New York Gov. Andrew Cuomo said Monday that the limo driver didn’t have the required commercial license and that Prestige Limousine “had no business putting a failed vehicle
on the road.”
The limo had been written up Sept. 4 for code violations, including a problem with the anti-lock brakes’ malfunction indicator system.
A sticker was placed on the vehicle declaring it “unserviceable,” said state Department of Transportation spokesman Joseph Morrissey.
It was the latest in a series of inspection knocks for Prestige, which is located in Gansevoort, just outside of Saratoga Springs. Four of its limos were cited this year with a total of 22 maintenance violations, though none was deemed critical.
Kindlon told CBS News on Tuesday the “safety issues had been addressed and corrected,” saying many were minor. But Morrissey said any assertion that the limo involved in the crash had been cleared for service was “categorically false.”

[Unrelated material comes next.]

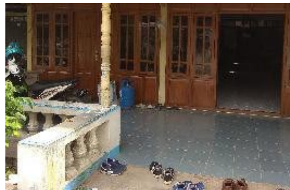
Figure 9. Present

Due to the increasingly modern era, there are also fewer Samin tribesmen who own livestock. Thus, the front room has changed its function into a place to receive guests and put a vehicle in the form of a motorbike. Meanwhile, the existing openings in the Samin tribal houses today are in the form of windows.

Kindlon said he didn’t think the infractions contributed to the crash. He suggested the driver, who died in the crash, might have misjudged his momentum on the hill.
The T-intersection at the bottom was a known danger spot, Kindlon noted. It was rebuilt after a deadly 2008 wreck, but there since have been other accidents at the junction.
“I think, frankly, the Department of Transportation and the state of New York is doing a great job in saying, ‘Look over there! It’s not our fault!’” Kindlon said, suggesting the state “faces an incredible amount of liability if they’re found to be at fault.”
The limo’s driver, Scott Lisinicchia, had been told he didn’t have the proper license to drive it during an Aug. 25 traffic stop, state police said Wednesday. They said a trooper issued violations, advised
that Lisinicchia couldn’t drive the limo and “took steps to ensure that the vehicle was taken off the road.”
Lisinicchia’s family, meanwhile, said he was unwittingly put in an unsafe vehicle.
Kim Lisinicchia told CBS in an interview broadcast Wednesday that her husband repeatedly said he wouldn’t drive the car the way it was. But then “he trusted in what the limo company said, that the cars were all right,” she said.
She said her husband was an excellent, veteran driver with over 20 years of experience in tractor-trailers and was in fine health.
“I feel for these victims,” the widow said. “I am in no way trying to make it seem like it’s about me or my husband. I just want my husband to be vindicated. I have to stand for him, ‘cause nobody else will.”